From the line containing "De los 2.346" to the end of the data, retype every line exactly and nothing else. Drop the pictures.

Input Start Marker

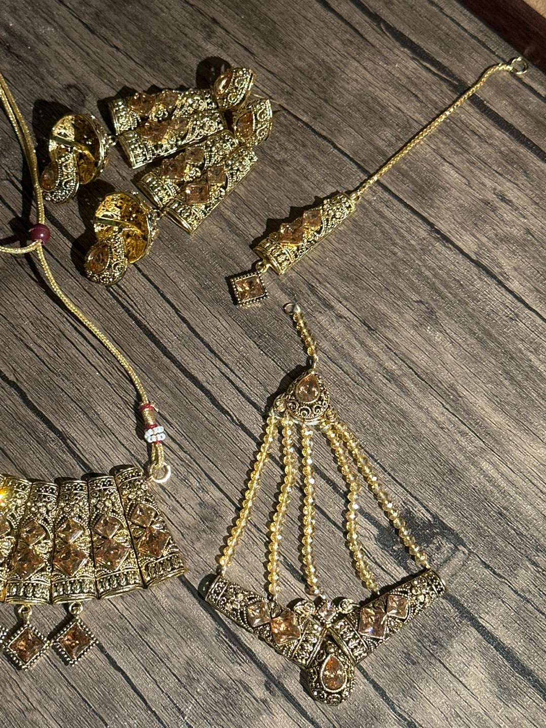 Selling a beautiful gold Indian jewelry set! The set includes a necklace, earrings, and a headpiece. The jewelry features intricate designs and would be perfect for a special occasion or cultural event. If you wanna break the set, message meπ
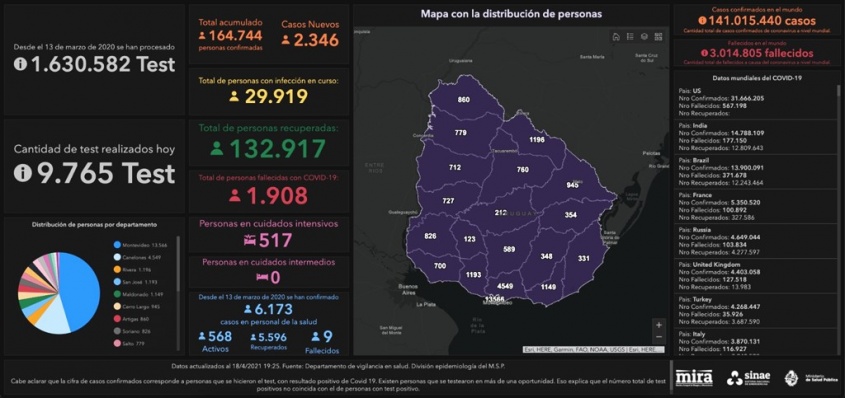 De los 2.346 casos nuevos, 1052 son de Montevideo, 262 de Canelones, 146 de Río Negro, 105 de Rivera, 102 de Paysandú, 87 de Maldonado, 83 de Cerro Largo, 82 de Artigas, 69 de San José, 68 de Salto, 62 de Florida, 57 de Soriano, 43 de Tacuarembó, 38 de Colonia, 26 de Lavalleja, 26 de Rocha, 20 de Treinta y Tres, 11 de Durazno y 7 de Flores. En todos los casos se trabaja en un estricto seguimiento epidemiológico.
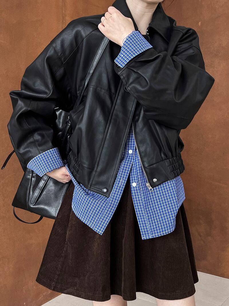 きれいめに着こなせる大人エレガントなフェイクレザージャケット。
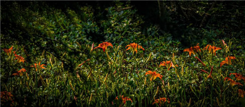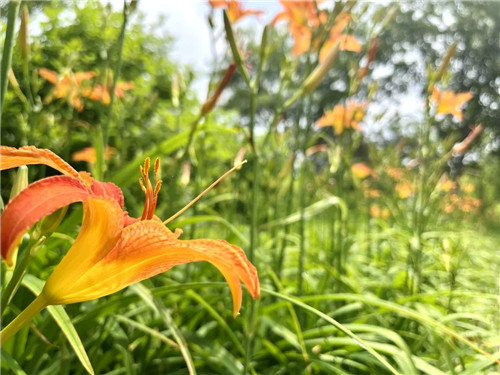 金雞菊是熱烈的,萱草花則多了一絲樸實(shí)親切,花形似百合,每一枝花萼上有多個(gè)花蕾,黃花灼灼,盛放枝頭,讓人沉醉其中,見之忘憂。
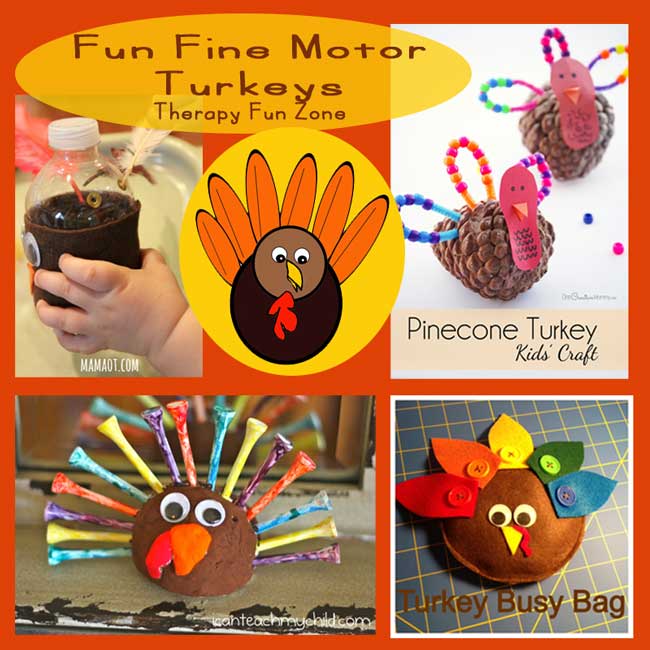Mama OT has a really cute bottle turkey that works on fine motor skills by putting feathers into holes. Go check it out at MamaOT.
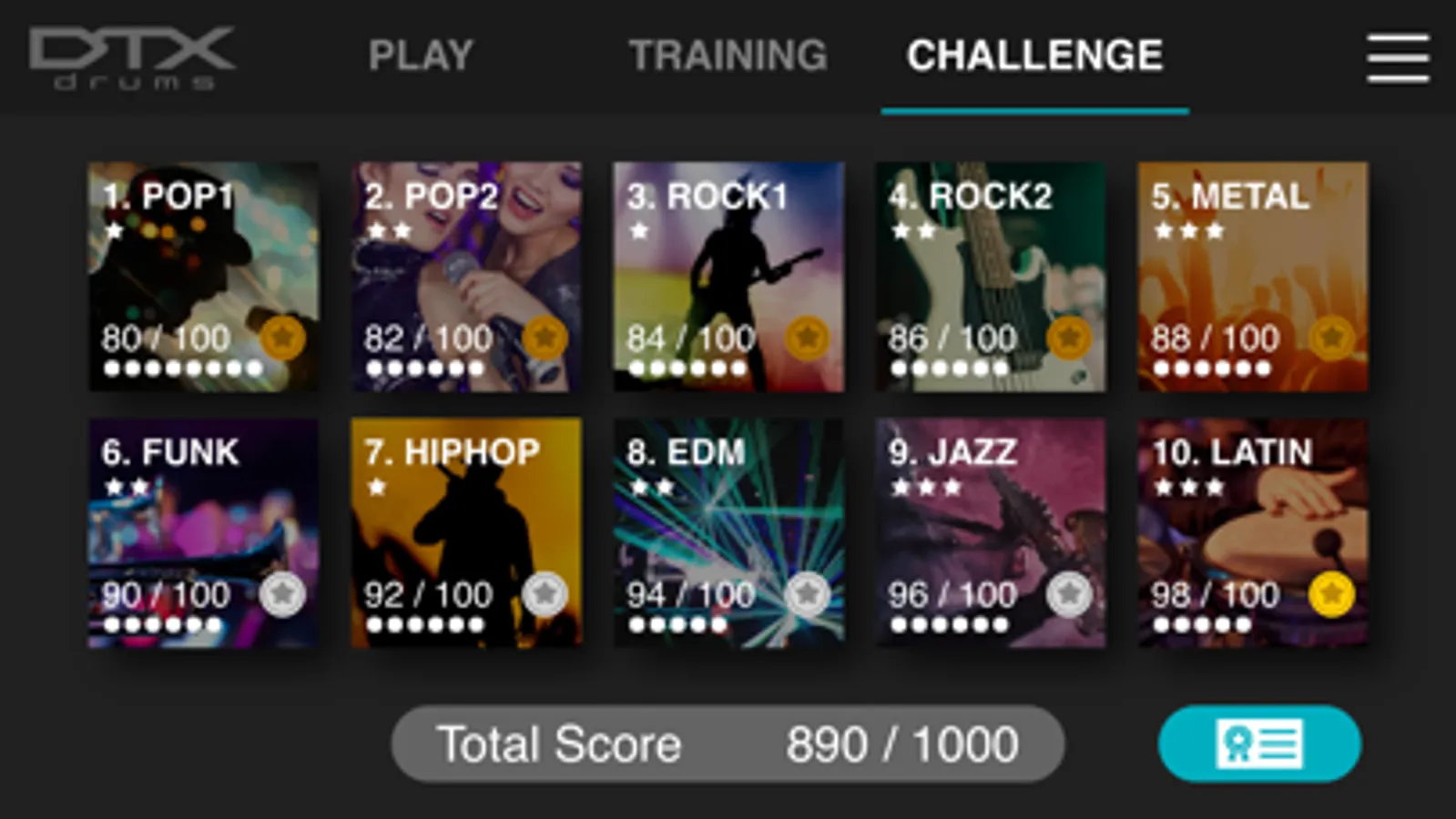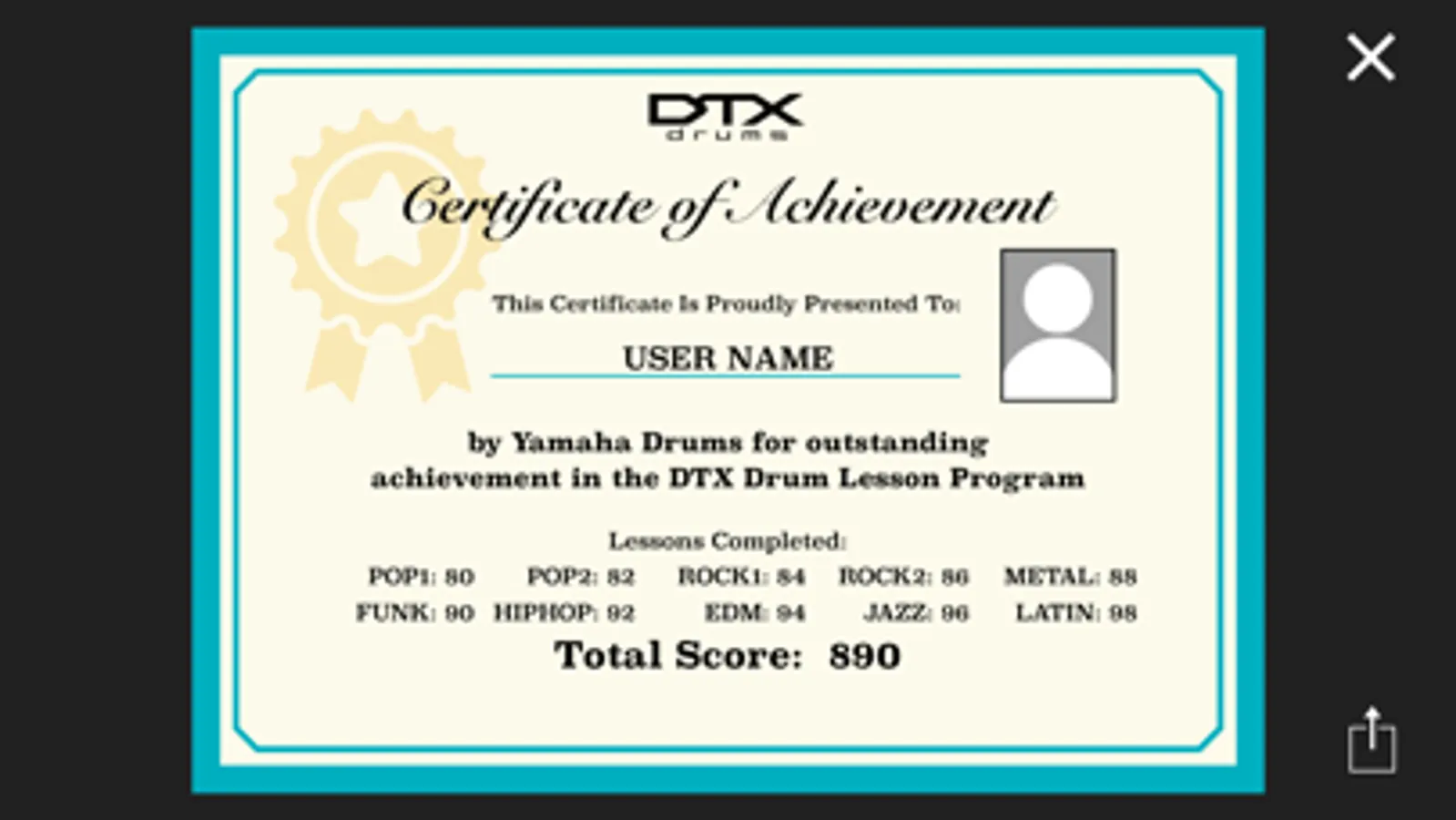 “Challenge Mode” is a new function on the DTX402 Touch that tests your skill. If you can play all 10 practice songs without making a mistake, you will receive a “Drummer’s Certificate” from the Yamaha DTX drum team that you can share via social media.

Input End Marker

## Solution for this problem
 De los 2.346 casos nuevos, 1052 son de Montevideo, 262 de Canelones, 146 de Río Negro, 105 de Rivera, 102 de Paysandú, 87 de Maldonado, 83 de Cerro Largo, 82 de Artigas, 69 de San José, 68 de Salto, 62 de Florida, 57 de Soriano, 43 de Tacuarembó, 38 de Colonia, 26 de Lavalleja, 26 de Rocha, 20 de Treinta y Tres, 11 de Durazno y 7 de Flores. En todos los casos se trabaja en un estricto seguimiento epidemiológico.
 きれいめに着こなせる大人エレガントなフェイクレザージャケット。
 金雞菊是熱烈的,萱草花則多了一絲樸實(shí)親切,花形似百合,每一枝花萼上有多個(gè)花蕾,黃花灼灼,盛放枝頭,讓人沉醉其中,見之忘憂。
Mama OT has a really cute bottle turkey that works on fine motor skills by putting feathers into holes. Go check it out at MamaOT.
 “Challenge Mode” is a new function on the DTX402 Touch that tests your skill. If you can play all 10 practice songs without making a mistake, you will receive a “Drummer’s Certificate” from the Yamaha DTX drum team that you can share via social media.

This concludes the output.